Two recent comprehensive studies by Verizon (focusing on a review of the breaches during 2011 and their causes) and PwC (focusing on businesses’ management perception of cyber security) demonstrate some interesting trends which have implications for the cyber insurance market.

The Threats

The Verizon report found that a total of 174 million records were compromised in 2011 in 855 incidents.

The main threats were identified as keyloggers, backdoors, tampering, pretexting, phishing, brute force and SQL injection. External agents are responsible for the majority (98%) of deliberate breaches, most of which arise from hacking and malware. In addition, whilst the activities of hacktivists remain high profile (see below), the vast majority of breaches still result from the activities of those motivated by private gain (97%).

Even amongst large sophisticated organisations many of the breaches are relatively straightforward and result from exploitation of default, guessable or insufficient credentials (in 61% of cases), stolen login credentials (40%), brute force and ‘dictionary’ attacks (29%) and exploitation of ‘backdoors’ (25%). Interestingly it transpires that many of the breaches were not identified immediately, 85% took a week or more to identify and in many cases the breach was drawn to the victim’s attention by third parties, rather than the victim.

The PwC report identifies increasing concern regarding the implications of cloud computing and the data security risks posed by business partners. In fact the figures show that cloud computing is likely to have increasing security for many although concerns about lack of transparency regarding security policies remain. Similarly, breaches arising from the activities of counterparties account for less than 1% of the total.

Big is beautiful….

Both reports conclude that the vast majority of breaches relate to small companies (ie those with 10-100 employees). Verison found that 85% of breaches originated from small companies.

Often those companies are not in the technology sector. The most susceptible have been the hotel and restaurant trades industries (which accounted for 54% of all breaches) where relatively unsophisticated companies hold significant amounts of personal data. Problems reported can be as simple as a failure to change the default password on wireless point of sale handsets or a failure to implement a firewall. Verizon reported that 97% of breaches were avoidable through simple or intermediate controls.

The risk management message appears to be that, predominantly due to lack of awareness, small companies are failing to take low cost, and often rudimentary, steps to protect themselves and their customers.

…maybe not

The figures look somewhat different if one focuses on the volume of data lost. Here the clear message is that large sophisticated organisations still account for the majority of breaches. In particular the cause de jour, the so called hacktivists, whilst accounting for a small minority of breaches (3% overall according to Verizon) were the single largest cause of compromised records (58% or 48,720,000 records). Amongst larger companies, financial and insurance business accounted for a disproportionately high number of breaches (10% of breaches accounting for 40% of lost records).

As one might expect, large high profile companies are disproportionately affected by Hacktivists’ activities (25% of all incidents) and “Crackers” i.e. those without political motivation who breach security just to show that it can be done (23%). In the meantime the amount of damage done by “traditional” cyber security threats (criminals, disgruntled employees and industrial espionage and “fat finger” errors) has remained relatively static.

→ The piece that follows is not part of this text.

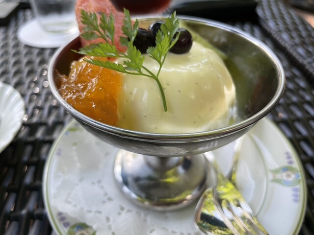 9月頭だけれど、流石の軽井沢。爽やかにテラスでいただくことができました。ババロアが美味しかった!
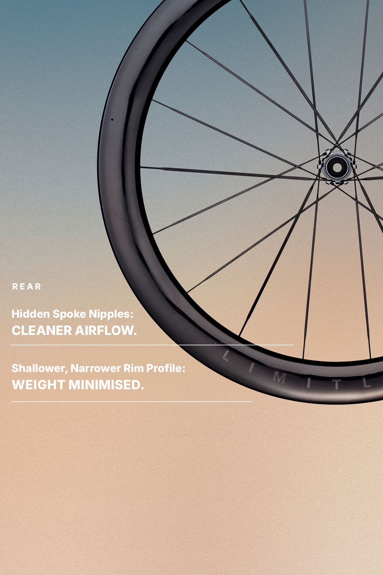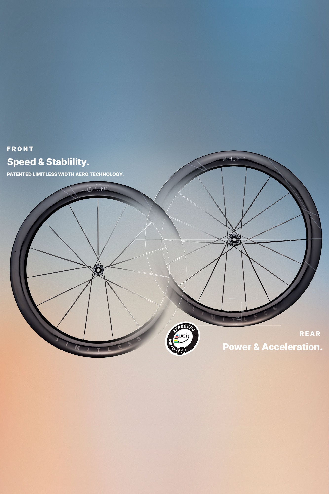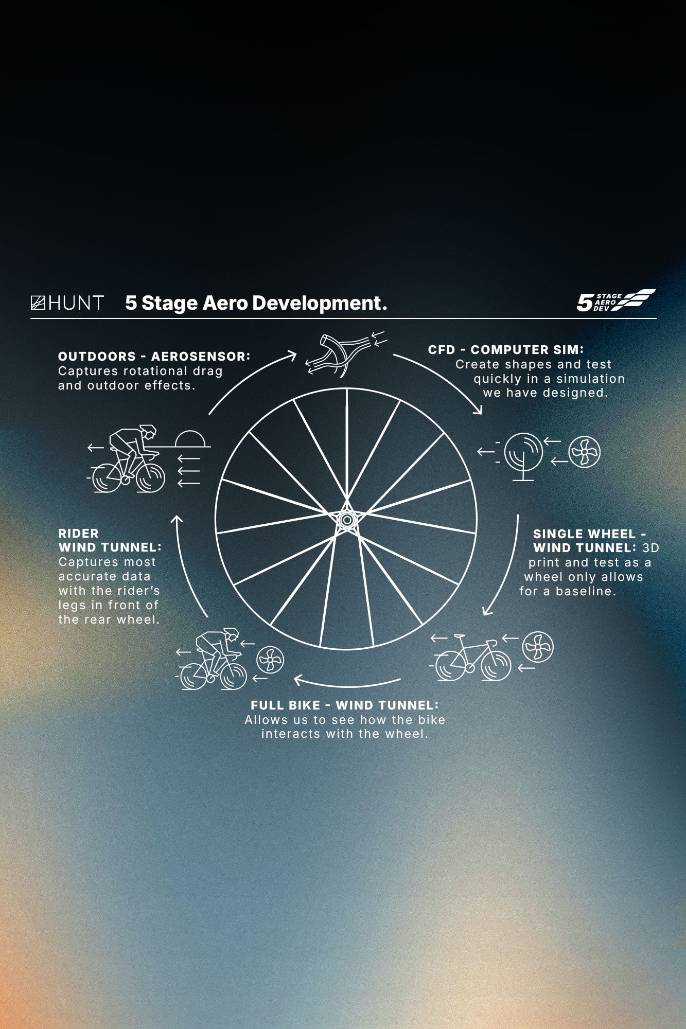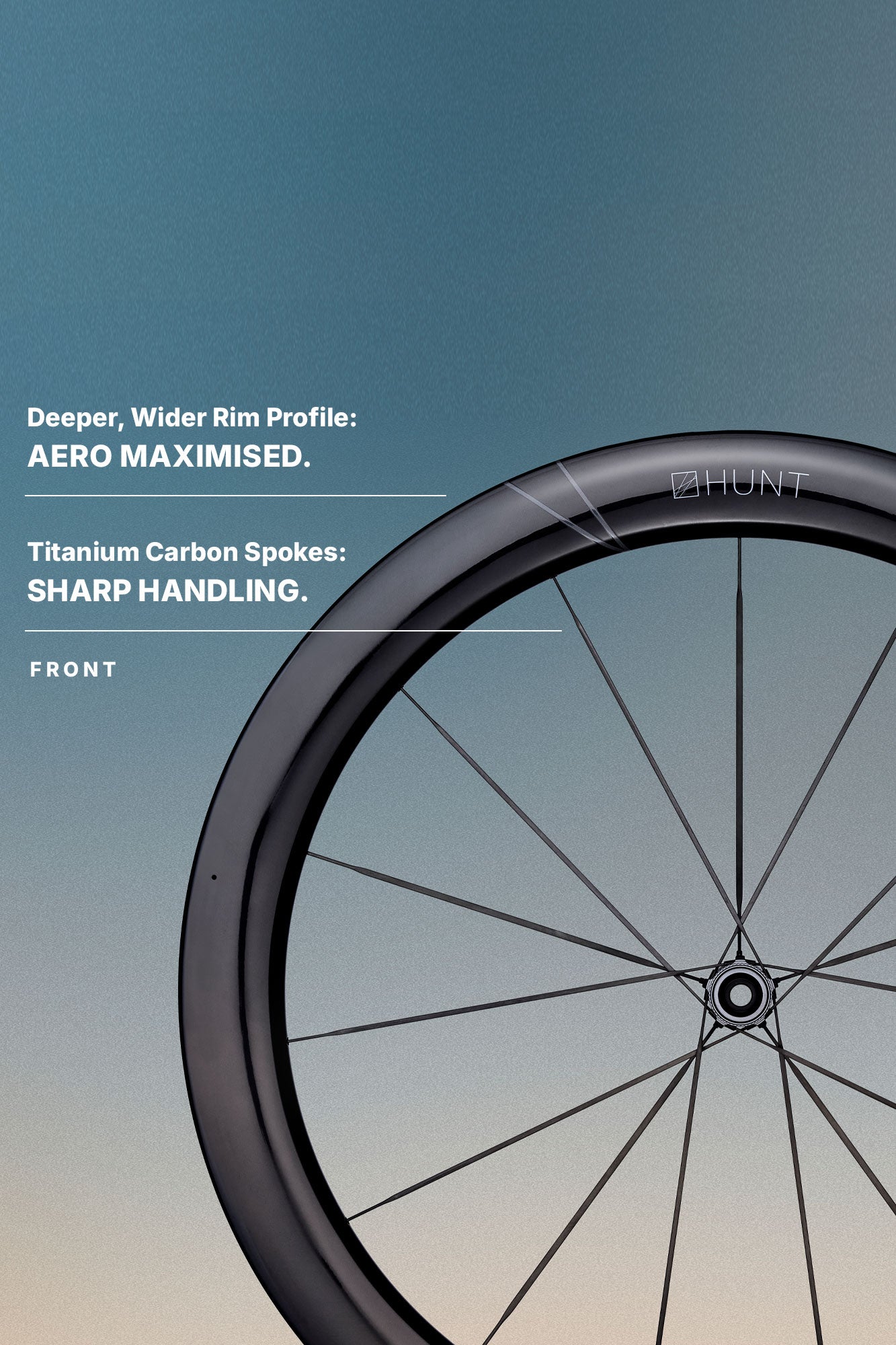 Rims58mm deep front rim profile with a 34.5mm external width. 55mm deep rear profile with a 30mm external width. Hooked 23mm internal profile. Compatible tyres ranging from 28-50mm to be fitted including tubeless or clincher tyres in line with ETRTO guidelines. Aerodynamically optimised for a 28-30mm tyre. Unique carbon fibre layup strategy, comprised of T700, T800, T1000 and a High Modulus Pyrofil HR4012M carbon. Pre-formed 3D spoke reinforcement. Designed by HUNT’s in-house Engineering Team using Computational Fluid Dynamics (CFD) and then validated using wind tunnel testing. High gloss finish unidirectional carbon fibre rim.

A theme developed by the PwC report is the amount of funding devoted to cyber security has fallen or remained static since about 2008 due to the current economic climate. As a result PwC highlight a “crisis in leadership” which is leading even large and sophisticated companies to fall behind in the cyber security arms race. As well as the high end “hacktivists” mainstream cyber criminals continue to automate and develop their models of high volume low risk attacks against weak targets. Those businesses that are investing heavily are often doing so as a result of client requirements rather than because they perceive that there is a significant threat. Nevertheless 43% of businesses consider themselves “front runners”, suggesting a degree of complacency.

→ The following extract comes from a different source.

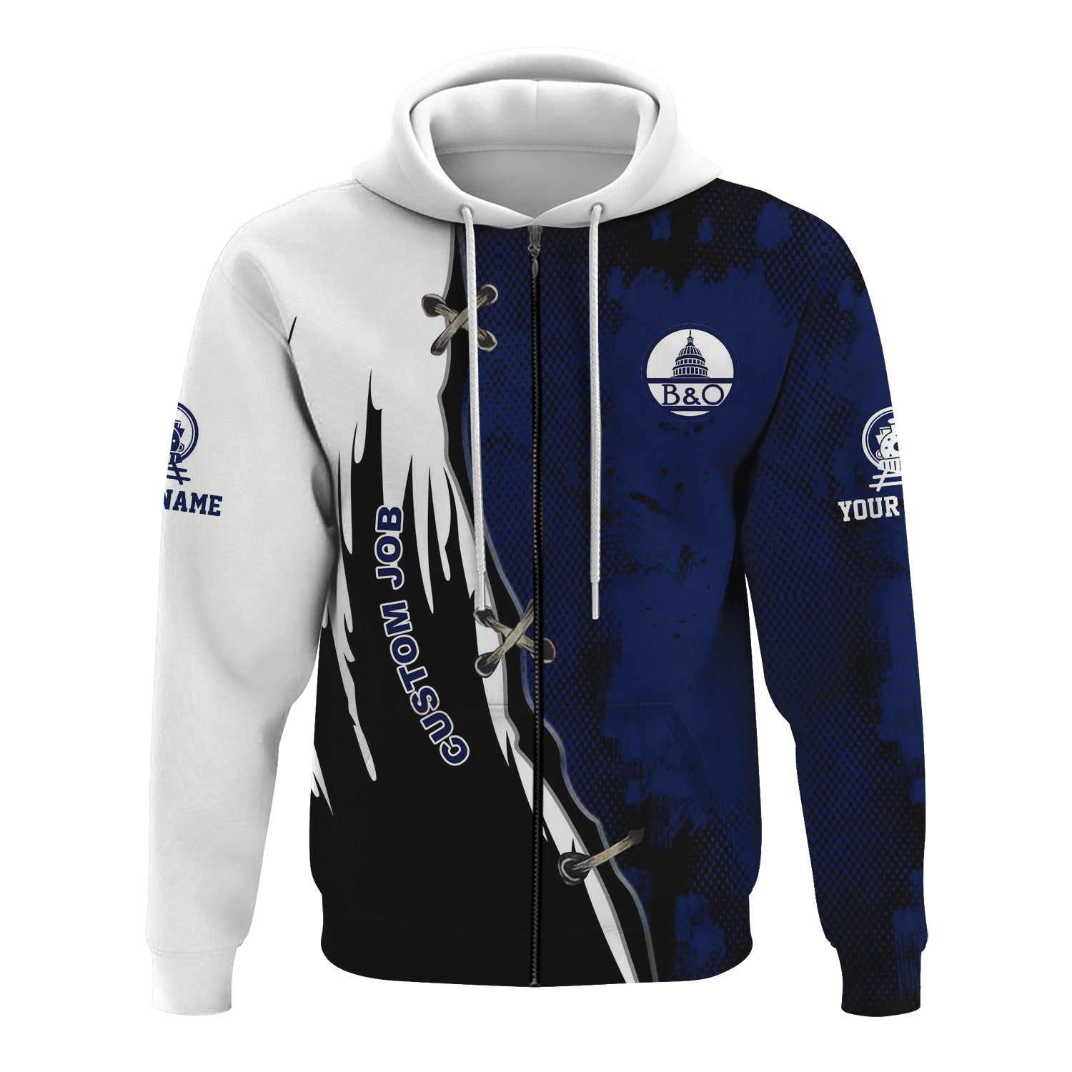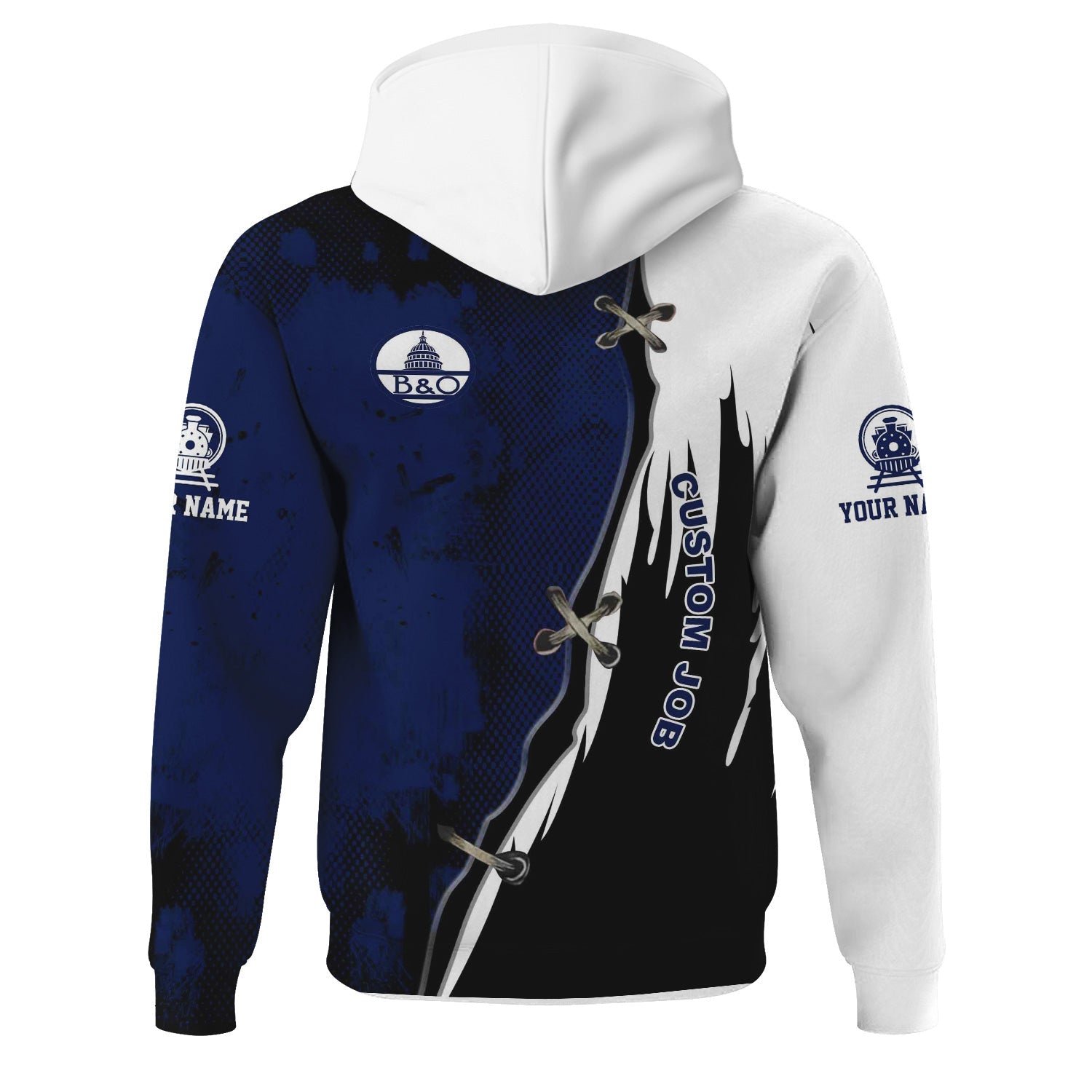 Railspirit Personalized Baltimore and Ohio Railroad Hoodie Retro Stitches Design with Custom Position B&O Train Zip Up Hoodie

The message in this case seems to be that there is no room for complacency even amongst the largest and most sophisticated organisations. The nature of many of the breaches also shows that much more could be done by simply implementing and enforcing adequate internal controls.

Comment

The reports point to a number of common trends which have cyber insurance implications:

  • Education – lack of awareness of the dangers posed by cyber security remains a major threat, particularly amongst smaller organisations. The paradox is that the implications for these organisations in terms of reputational damage and liability are severe and in some cases can threaten their very survival. This illustrates the importance of educating insureds regarding good cyber security practice and the importance of insurance in addressing potential liabilities.
  • Underinvestment – the PwC report highlights concerns regarding the gradual erosion of cyber security capability due to sustained under investment over the 2008-11 period. As well as creating a concern that this may lead to an uptick in incidents, this may give rise to coverage implications if it emerges that incidents are the direct result of budget driven corner cutting.
  • Counterparty risk and Cloud Computing – although counterparty risk only results in a tiny minority of claims, and (to our knowledge) cloud computing is yet to result in any claim activity at all, there is clearly a perception amongst insureds that these are problem areas and it is possible that these issues will drive demand for additional cover.